A MultiAssayExperiment object containing exposure and omics data.

p_thresh

A numeric value specifying the p-value threshold for normality. Variables with p.value < p_thresh are removed. Default is 0.05.

Value

A MultiAssayExperiment object with non-normal exposure variables removed.

Details

The function identifies exposure variables that fail a normality test using metadata(expomicset)$transformation$norm_df.

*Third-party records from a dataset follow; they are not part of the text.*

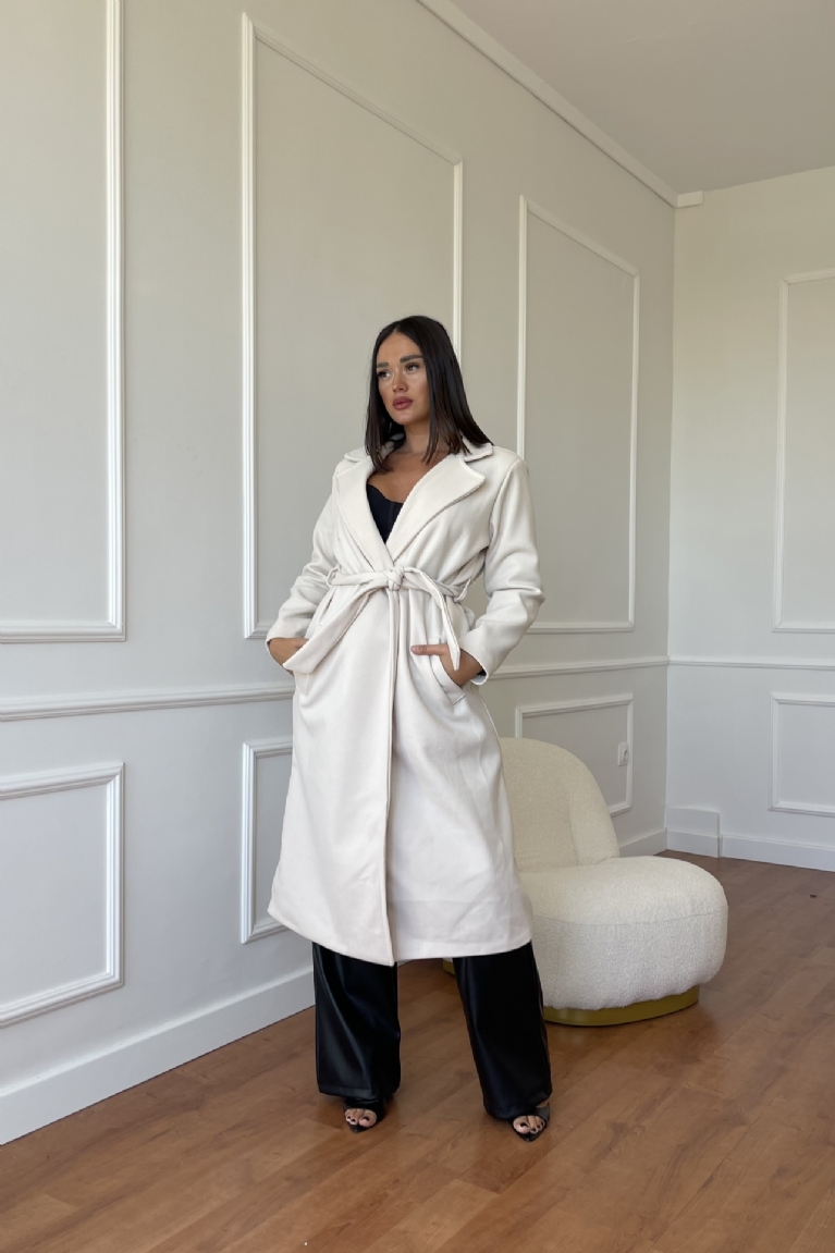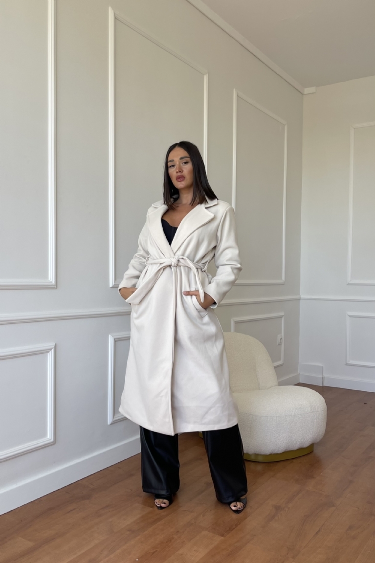 Καμπαρντίνα Με Κουμπιά & Ζώνη - Εκρού
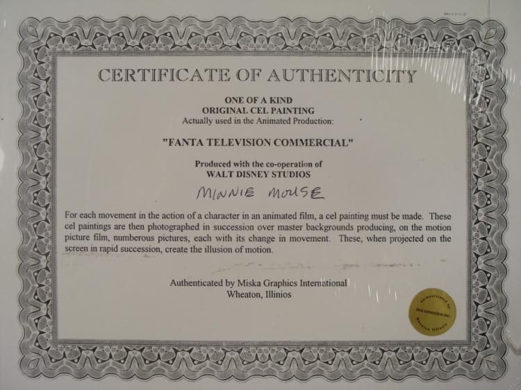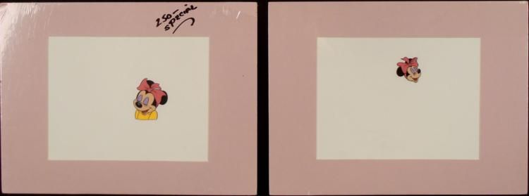 These are two original animation cels used in the production of a 1980's Fanta soda commercial. Minnie Mouse looks very pretty in her pink bow, and she was probably enjoying a Fanta soda with Mickey! * Medium: Hand-inked and hand-painted acetate celImage size: 10 x 7 1/2 inchesPresentation: Double matted in pink and whiteMatte size: 16 x 12 inchesCondition: Excellent; sealed in cellophaneCertificate of Authenticity: One included
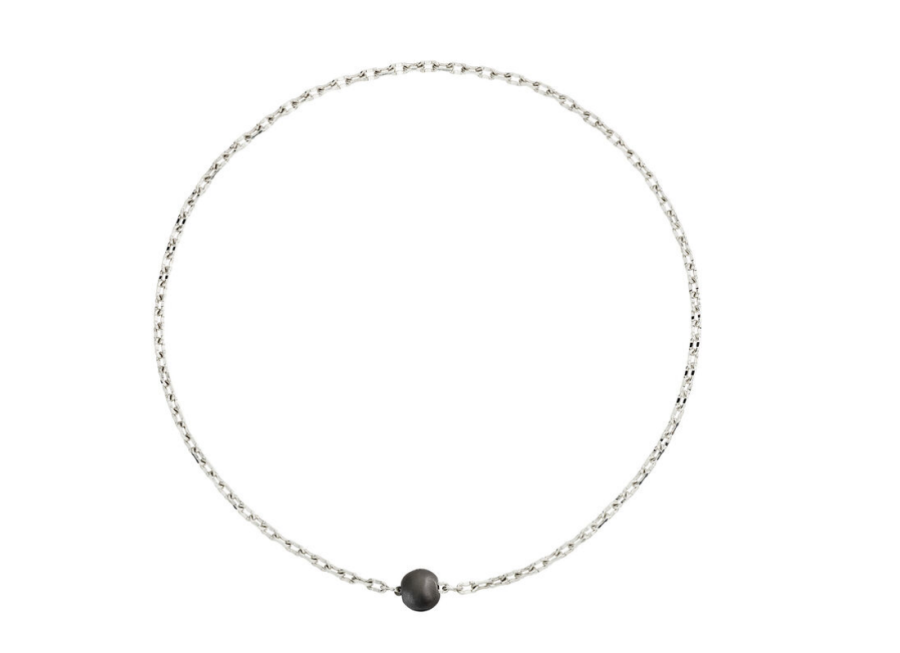 Collana Pepita in argento 925, chiusura in titanio e anello brisé in acciaio. Il gioiello verrà spedito con scatola e garanzia originali.
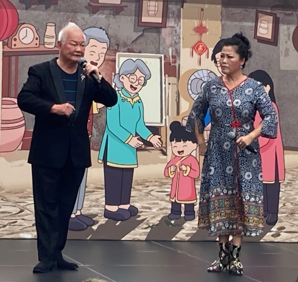 On the void deck of an apartment block, as strangers pass on the footpaths outside, two mummers in heroic masks gently dance around a table, where a framed photo of a smiling businesswoman stands, as a congregation of ageing men watch silently in mourning.

  • Exposure variables with p.value < p_thresh are removed from colData(expomicset).

  • The same filtering is applied to colData in each experiment within experiments(expomicset).

Examples

# Create example data
mae <- make_example_data(
    n_samples = 20,
    return_mae = TRUE
)
#> Ensuring all omics datasets are matrices with column names.
#> Creating SummarizedExperiment objects.
#> Creating MultiAssayExperiment object.
#> MultiAssayExperiment created successfully.

# Test for normality
mae <- mae |>
    run_normality_check() |>
    transform_exposure(exposure_cols = c("age", "bmi", "exposure_pm25"))
#> Checking Normality Using Shapiro-Wilk Test
#> 2 Exposure Variables are Normally Distributed
#> 2 Exposure Variables are NOT Normally Distributed
#> Applying the boxcox_best transformation.

# Remove non-normal variables
mae_filtered <- mae |>
    filter_non_normal()
#> Filtering out 0 non-normal exposure variables.